Task item - Omit every picture, then return the listing verbatim.

Records supplied -
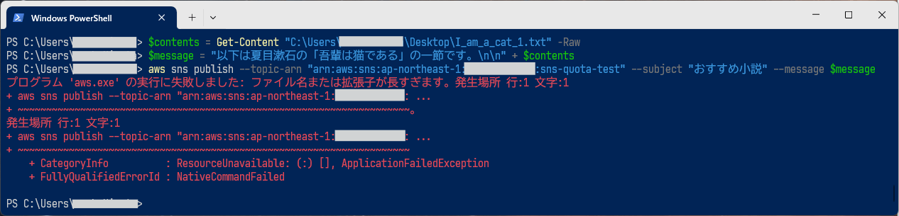 物理コンピュータ(Windows)で所有しているテキストファイルの内容を、Amazon SNSを利用してメールで送る、という作業です。テキストファイルのファイルサイズ(≒文字数)はファイルによって大きく異なります。
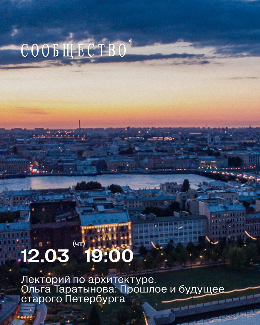 В четверг, 12 марта, на новой встрече архитектурного лектория в «Сообществе» будем вместе с директором Государственного музея-заповедника Царское село, специалистом по сохранению наследия Ольгой Таратыновой обсуждать прошлое и будущее старого Петербурга.
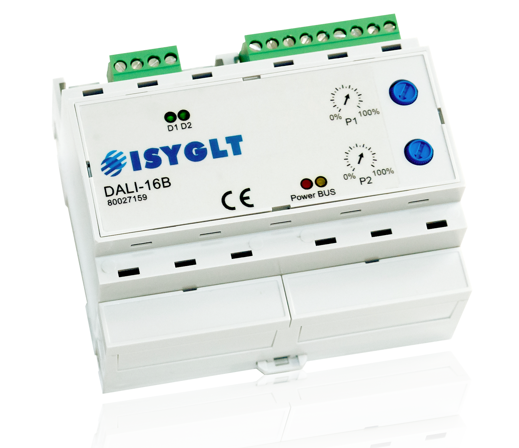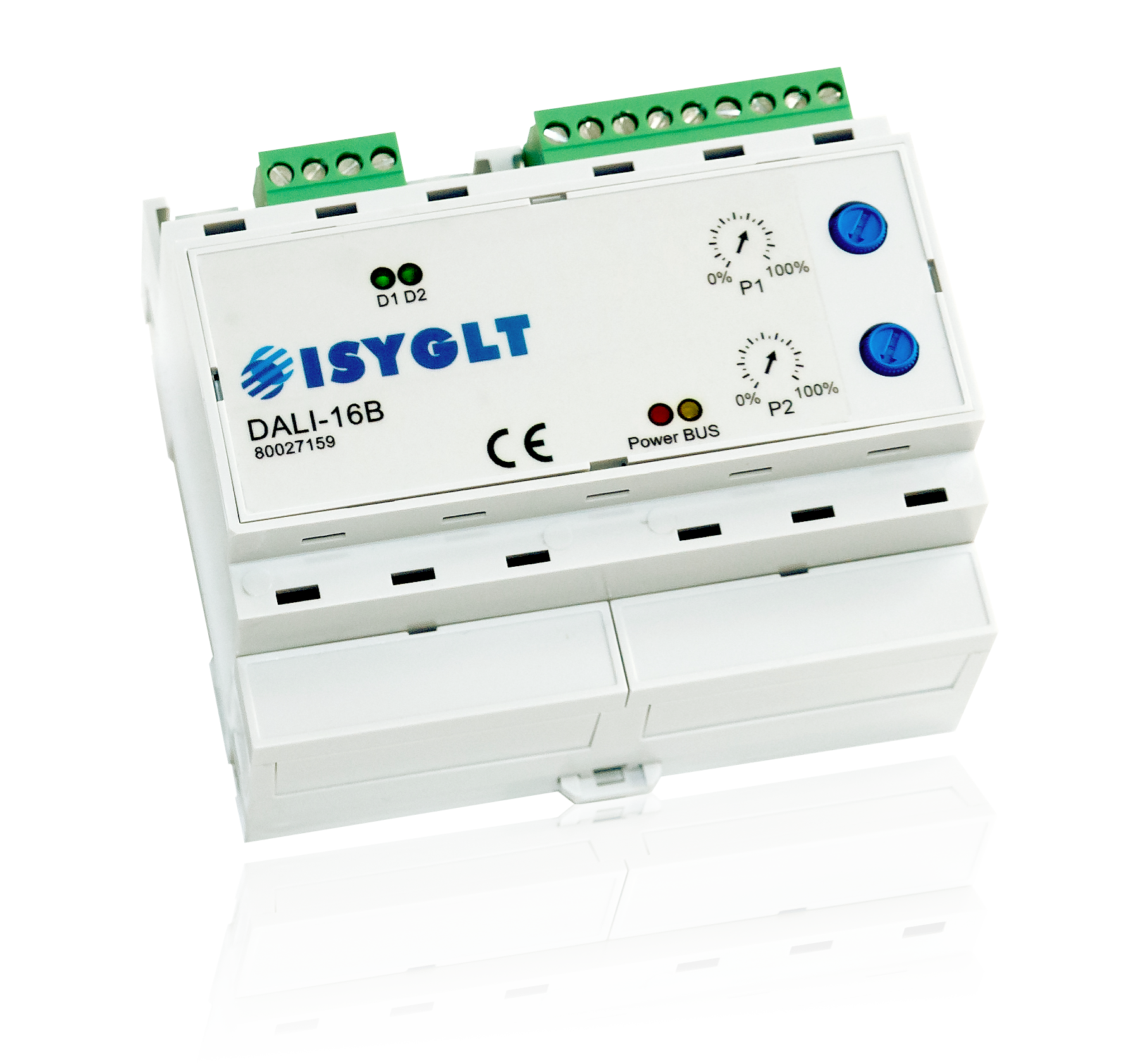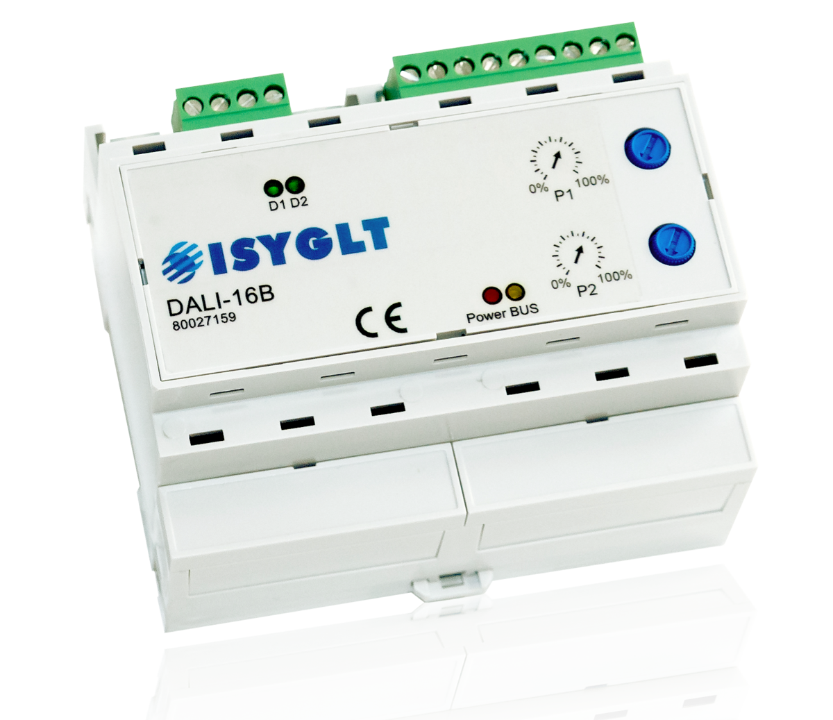 Das DALI-16B-Modul dient zur Ansteuerung von elektronischen Vorschaltgeräten für Leuchtstofflampen und elektronische Trafos, die mit dem DALI-Protokoll kommunizieren. An einem DALI-BUS können bis zu 64 DALI-EVGs (elektronische Vorschalt-Geräte) betrieben werden. Jeder dieser 64 DALI-Teilnehmer (EVGs oder elektronische Trafos) muss mit einer eindeutigen Geräte-Adresse (DALI-Short-Address) programmiert sein. Jeder Geräte-Adresse kann durch Parametrierung des DALI-16B-Moduls eine von 4, 8, 12 oder 16 ISYGLT-Dimmgruppen in bis zu 3 Konfigurationen (Setups) zugeordnet werden. Diese Dimmgruppen verfügen über alle im ISYGLT-System möglichen Eigenschaften bezüglich der Szenenspeicherung, Blendzeitberechnungen usw.
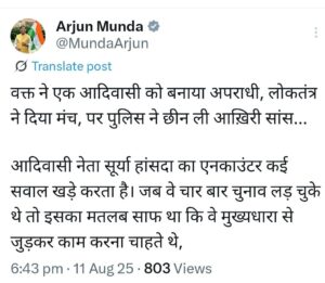 इधर पुलिस एनकाउंटर में सूर्या हांसदा के मारे जाने के बाद सवाल उठ रहे हैं। कल सूर्या के परिजनों ने एनकाउंटर को फर्जी बताया था और राजनीतिक साजिश के तहत सूर्या की हत्या का आरोप लगाया था। अब मामले में प्रदेश भाजपा भी खुलकर सामने आ गई है। भाजपा नेताओं ने मामले में राज्य सरकार और पुलिस पर कई गंभीर सवाल उठाए हैं।राज्य के पूर्व मुख्यमंत्री अर्जुन मुंडा ने सूर्या हांसदा के एनकाउंटर पर अपने सोशल मीडिया प्लेटफार्म पर पोस्ट लिखा है।जिसमें उन्होंने बड़ी बात लिखी है. अर्जुन मुंडा ने पोस्ट में लिखा है कि “वक्त ने एक आदिवासी को बनाया अपराधी, लोकतंत्र ने दिया मंच, पर पुलिस ने छीन ली आखिरी सांस…आदिवासी आदिवासी नेता सूर्या हांसदा का एनकाउंटर कई सवाल खड़े करता है। जब वे चार बार चुनाव लड़ चुके थे तो इसका मतलब साफ था कि वे मुख्यधारा से जुड़कर काम करना चाहते थे, लेकिन पुलिस द्वारा जिस हिसाब से कार्रवाई की गई है, वह कई तरह के संदेह खड़ा करता है।”
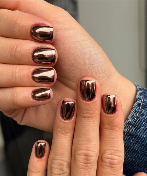 These stunning bronze chrome nails are a showstopper for spring. The sleek metallic finish reflects light beautifully, making it ideal for evening events. The simple and solid design exudes confidence and pairs well with a denim jacket or a cocktail dress.
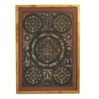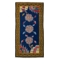 Motivo 'classico' della produzione tibetana di tappeti di tipo khaden, usati nelle case e nelle tende, e caratterizzati da misure standard (L. Larsson jr, Carpets from China Xinjiang &
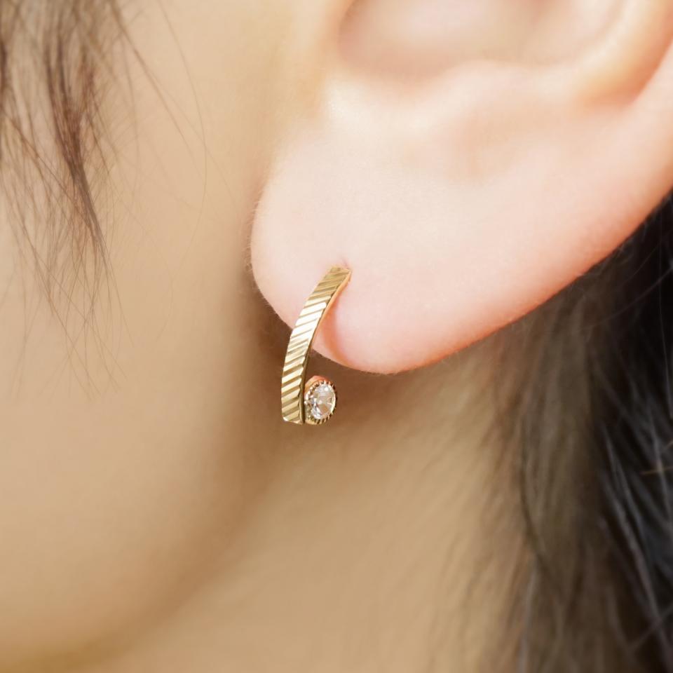 ナナメのカットを施したピアスベース。
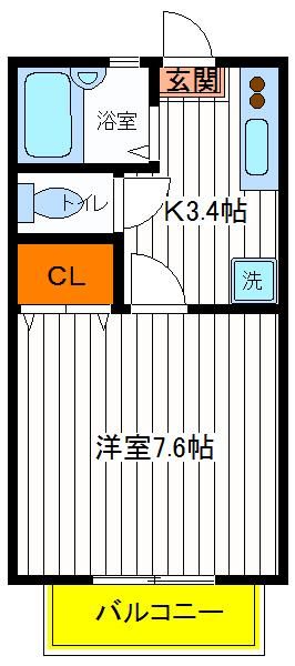 | 築年月 | 2000年11月 | 間取り | 1K( 洋室7.6畳/K3.4畳 ) | 専有面積 | 23.08m2 |
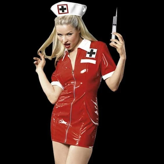 Mini jurkje met een doorlopende ritssluiting in geval van (seksuele) nood. Wordt geleverd met wit verpleegster mutsje.
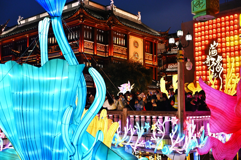 当日,2024上海豫园民俗艺术灯会正式亮灯。今年豫园灯会续写“山海奇豫记”,以“海经篇”为主题,生肖龙灯、海底世界、鱼群起舞、奇幻仙境等场景让游客在灯火绚烂的国风幻境中喜迎龙年新春。 新华社记者 刘颖摄
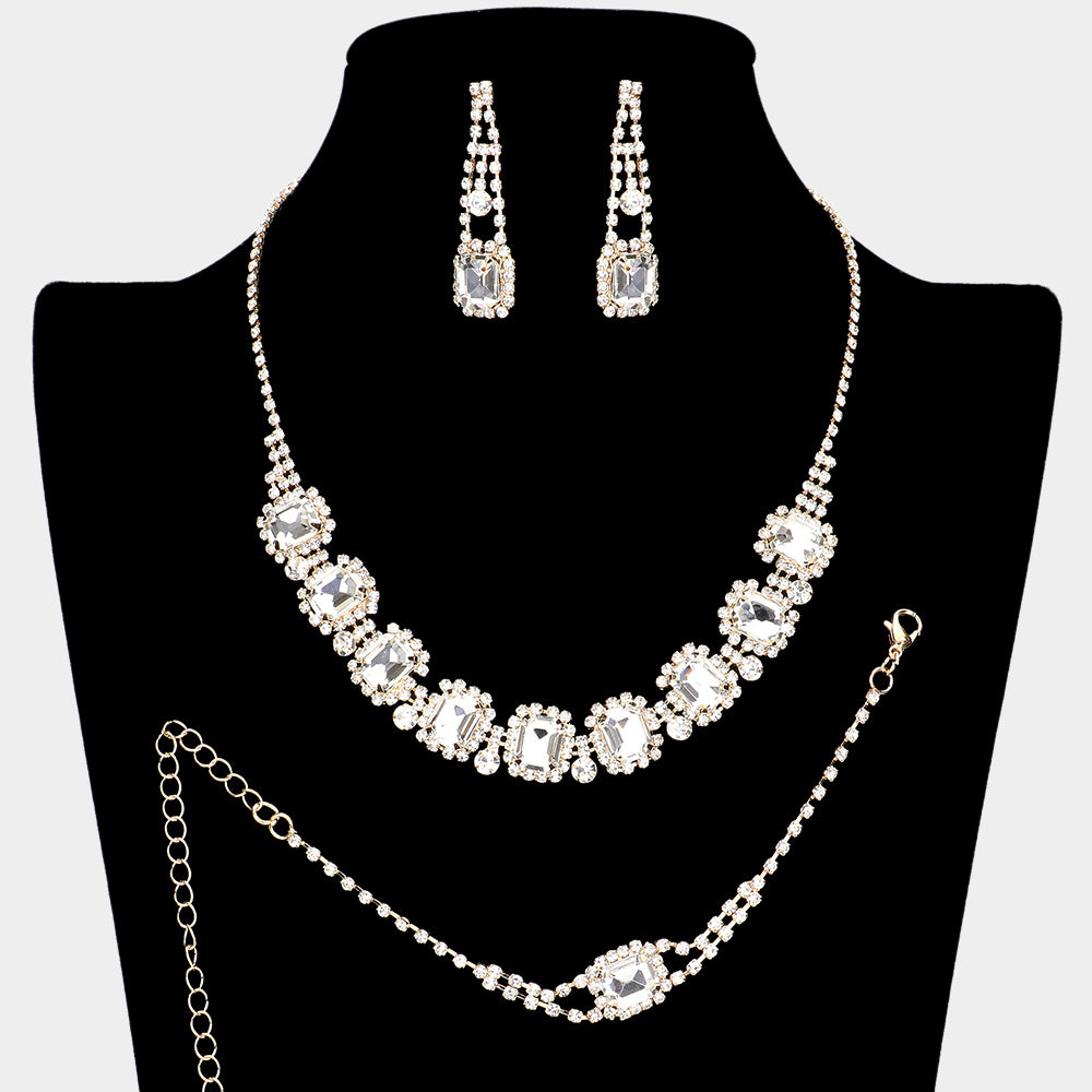 iLLASPARKZ 3PCS - Emerald Cut Stone Accented Rhinestone Necklace Jewelry Set
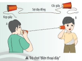 Dùng hai cốc giấy đục một lỗ nhỏ giữa đáy cốc, rồi luồn một sợi dây đồng mảnh (dài khoảng 3 đến 4m) qua lỗ nối hai cốc giấy với nhau như hình bên. Học sinh B áp tai vào cốc giấy lắng nghe, trong khi bạn A đang nói nhỏ vào miệng cốc.
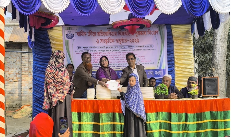 নওগাঁ প্রতিনিধিঃ নওগাঁর মান্দায় আকাশ মাল্টিমিডিয়া একাডেমি ও কেজি স্কুলে বার্ষিক ক্রীড়া প্রতিযোগিতায় বিজয়ীদের মাঝে পুরস্কার বিতরণ ও সাংস্কৃতিক অনুষ্ঠান অনুষ্ঠিত হয়েছে।

Completed exercise -
 物理コンピュータ(Windows)で所有しているテキストファイルの内容を、Amazon SNSを利用してメールで送る、という作業です。テキストファイルのファイルサイズ(≒文字数)はファイルによって大きく異なります。
 В четверг, 12 марта, на новой встрече архитектурного лектория в «Сообществе» будем вместе с директором Государственного музея-заповедника Царское село, специалистом по сохранению наследия Ольгой Таратыновой обсуждать прошлое и будущее старого Петербурга.
 Das DALI-16B-Modul dient zur Ansteuerung von elektronischen Vorschaltgeräten für Leuchtstofflampen und elektronische Trafos, die mit dem DALI-Protokoll kommunizieren. An einem DALI-BUS können bis zu 64 DALI-EVGs (elektronische Vorschalt-Geräte) betrieben werden. Jeder dieser 64 DALI-Teilnehmer (EVGs oder elektronische Trafos) muss mit einer eindeutigen Geräte-Adresse (DALI-Short-Address) programmiert sein. Jeder Geräte-Adresse kann durch Parametrierung des DALI-16B-Moduls eine von 4, 8, 12 oder 16 ISYGLT-Dimmgruppen in bis zu 3 Konfigurationen (Setups) zugeordnet werden. Diese Dimmgruppen verfügen über alle im ISYGLT-System möglichen Eigenschaften bezüglich der Szenenspeicherung, Blendzeitberechnungen usw.
 इधर पुलिस एनकाउंटर में सूर्या हांसदा के मारे जाने के बाद सवाल उठ रहे हैं। कल सूर्या के परिजनों ने एनकाउंटर को फर्जी बताया था और राजनीतिक साजिश के तहत सूर्या की हत्या का आरोप लगाया था। अब मामले में प्रदेश भाजपा भी खुलकर सामने आ गई है। भाजपा नेताओं ने मामले में राज्य सरकार और पुलिस पर कई गंभीर सवाल उठाए हैं।राज्य के पूर्व मुख्यमंत्री अर्जुन मुंडा ने सूर्या हांसदा के एनकाउंटर पर अपने सोशल मीडिया प्लेटफार्म पर पोस्ट लिखा है।जिसमें उन्होंने बड़ी बात लिखी है. अर्जुन मुंडा ने पोस्ट में लिखा है कि “वक्त ने एक आदिवासी को बनाया अपराधी, लोकतंत्र ने दिया मंच, पर पुलिस ने छीन ली आखिरी सांस…आदिवासी आदिवासी नेता सूर्या हांसदा का एनकाउंटर कई सवाल खड़े करता है। जब वे चार बार चुनाव लड़ चुके थे तो इसका मतलब साफ था कि वे मुख्यधारा से जुड़कर काम करना चाहते थे, लेकिन पुलिस द्वारा जिस हिसाब से कार्रवाई की गई है, वह कई तरह के संदेह खड़ा करता है।”
 These stunning bronze chrome nails are a showstopper for spring. The sleek metallic finish reflects light beautifully, making it ideal for evening events. The simple and solid design exudes confidence and pairs well with a denim jacket or a cocktail dress.
 Motivo 'classico' della produzione tibetana di tappeti di tipo khaden, usati nelle case e nelle tende, e caratterizzati da misure standard (L. Larsson jr, Carpets from China Xinjiang &
 ナナメのカットを施したピアスベース。
 | 築年月 | 2000年11月 | 間取り | 1K( 洋室7.6畳/K3.4畳 ) | 専有面積 | 23.08m2 |
 Mini jurkje met een doorlopende ritssluiting in geval van (seksuele) nood. Wordt geleverd met wit verpleegster mutsje.
 当日,2024上海豫园民俗艺术灯会正式亮灯。今年豫园灯会续写“山海奇豫记”,以“海经篇”为主题,生肖龙灯、海底世界、鱼群起舞、奇幻仙境等场景让游客在灯火绚烂的国风幻境中喜迎龙年新春。 新华社记者 刘颖摄
 iLLASPARKZ 3PCS - Emerald Cut Stone Accented Rhinestone Necklace Jewelry Set
 Dùng hai cốc giấy đục một lỗ nhỏ giữa đáy cốc, rồi luồn một sợi dây đồng mảnh (dài khoảng 3 đến 4m) qua lỗ nối hai cốc giấy với nhau như hình bên. Học sinh B áp tai vào cốc giấy lắng nghe, trong khi bạn A đang nói nhỏ vào miệng cốc.
 নওগাঁ প্রতিনিধিঃ নওগাঁর মান্দায় আকাশ মাল্টিমিডিয়া একাডেমি ও কেজি স্কুলে বার্ষিক ক্রীড়া প্রতিযোগিতায় বিজয়ীদের মাঝে পুরস্কার বিতরণ ও সাংস্কৃতিক অনুষ্ঠান অনুষ্ঠিত হয়েছে।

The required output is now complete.